From the line containing "New Zealand singer" to the last line of the listing, both included, copy every line exactly and drop the pictures.

== Available records ==

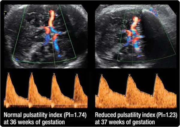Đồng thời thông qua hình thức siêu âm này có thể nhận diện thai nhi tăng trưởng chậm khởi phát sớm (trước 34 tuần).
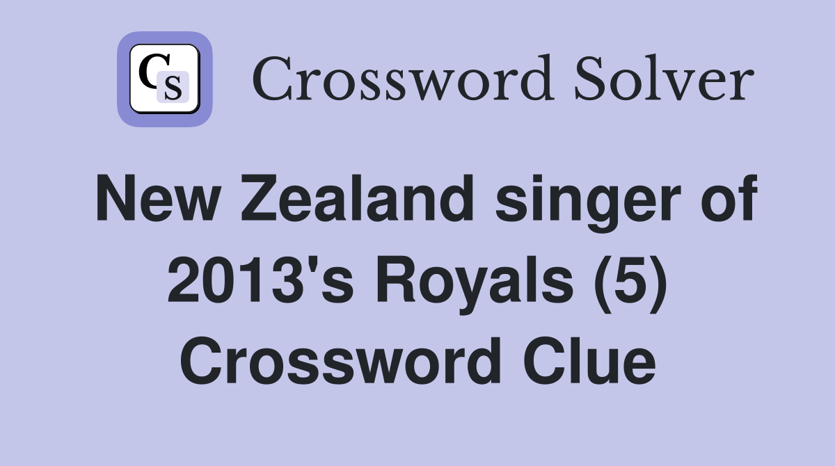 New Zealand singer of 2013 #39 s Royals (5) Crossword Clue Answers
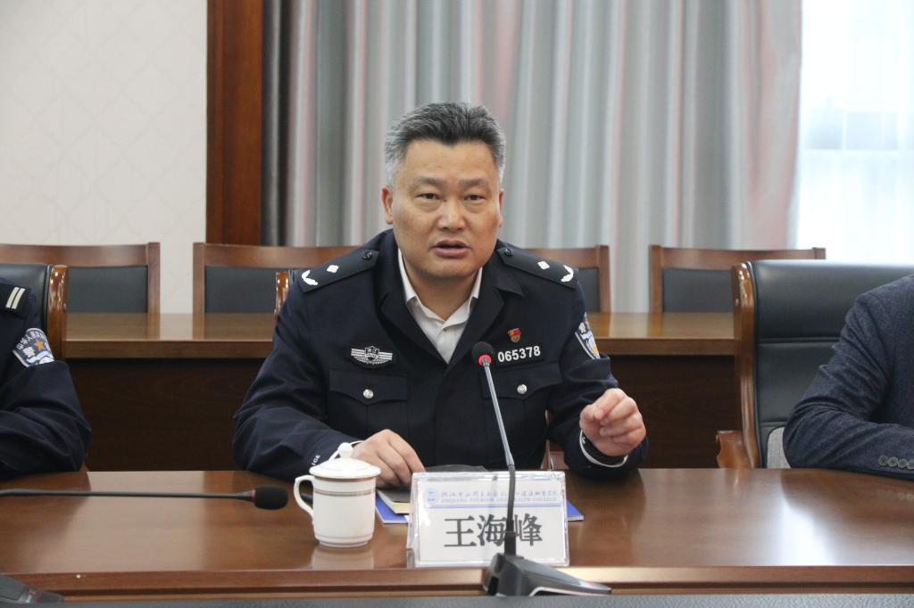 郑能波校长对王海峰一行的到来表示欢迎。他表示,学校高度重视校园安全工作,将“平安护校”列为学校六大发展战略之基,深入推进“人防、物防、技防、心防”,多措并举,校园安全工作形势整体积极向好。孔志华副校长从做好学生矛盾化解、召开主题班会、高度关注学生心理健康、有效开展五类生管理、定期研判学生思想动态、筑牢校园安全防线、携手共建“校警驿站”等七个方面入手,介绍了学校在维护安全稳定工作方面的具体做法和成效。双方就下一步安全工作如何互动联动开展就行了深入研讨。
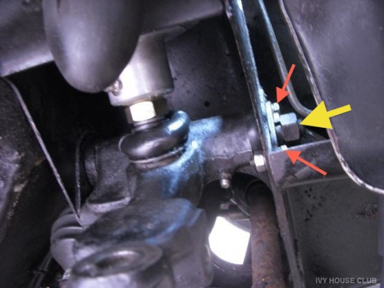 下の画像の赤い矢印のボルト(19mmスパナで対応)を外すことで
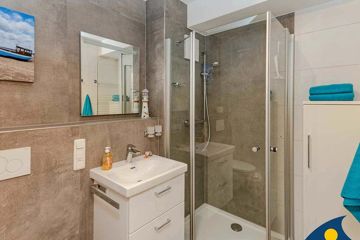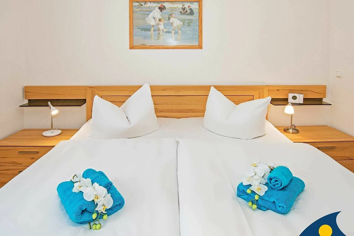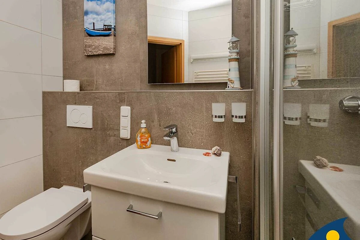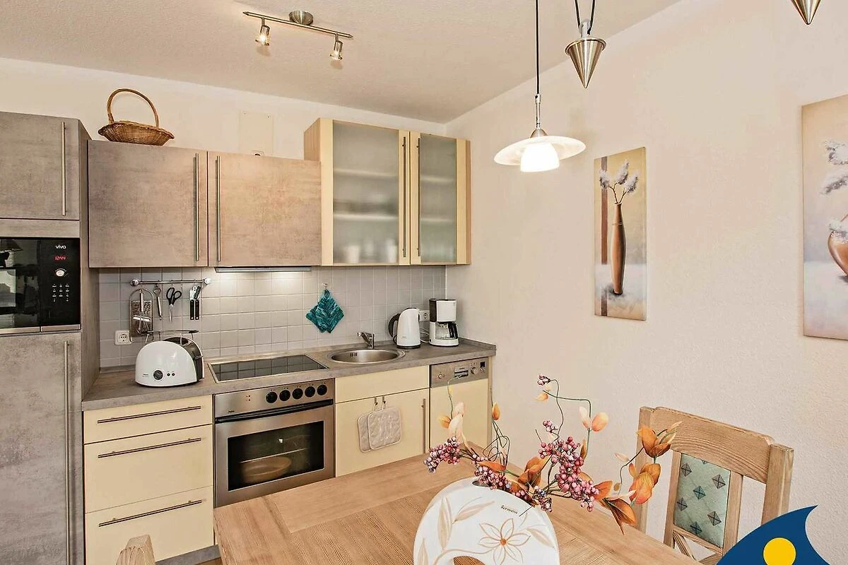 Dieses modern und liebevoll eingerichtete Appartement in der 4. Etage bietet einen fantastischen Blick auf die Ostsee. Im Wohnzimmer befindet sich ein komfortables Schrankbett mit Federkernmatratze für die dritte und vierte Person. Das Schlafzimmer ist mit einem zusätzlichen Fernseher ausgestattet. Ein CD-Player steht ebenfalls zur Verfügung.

===

■ **Task response**:
 New Zealand singer of 2013 #39 s Royals (5) Crossword Clue Answers
 郑能波校长对王海峰一行的到来表示欢迎。他表示,学校高度重视校园安全工作,将“平安护校”列为学校六大发展战略之基,深入推进“人防、物防、技防、心防”,多措并举,校园安全工作形势整体积极向好。孔志华副校长从做好学生矛盾化解、召开主题班会、高度关注学生心理健康、有效开展五类生管理、定期研判学生思想动态、筑牢校园安全防线、携手共建“校警驿站”等七个方面入手,介绍了学校在维护安全稳定工作方面的具体做法和成效。双方就下一步安全工作如何互动联动开展就行了深入研讨。
 下の画像の赤い矢印のボルト(19mmスパナで対応)を外すことで
 Dieses modern und liebevoll eingerichtete Appartement in der 4. Etage bietet einen fantastischen Blick auf die Ostsee. Im Wohnzimmer befindet sich ein komfortables Schrankbett mit Federkernmatratze für die dritte und vierte Person. Das Schlafzimmer ist mit einem zusätzlichen Fernseher ausgestattet. Ein CD-Player steht ebenfalls zur Verfügung.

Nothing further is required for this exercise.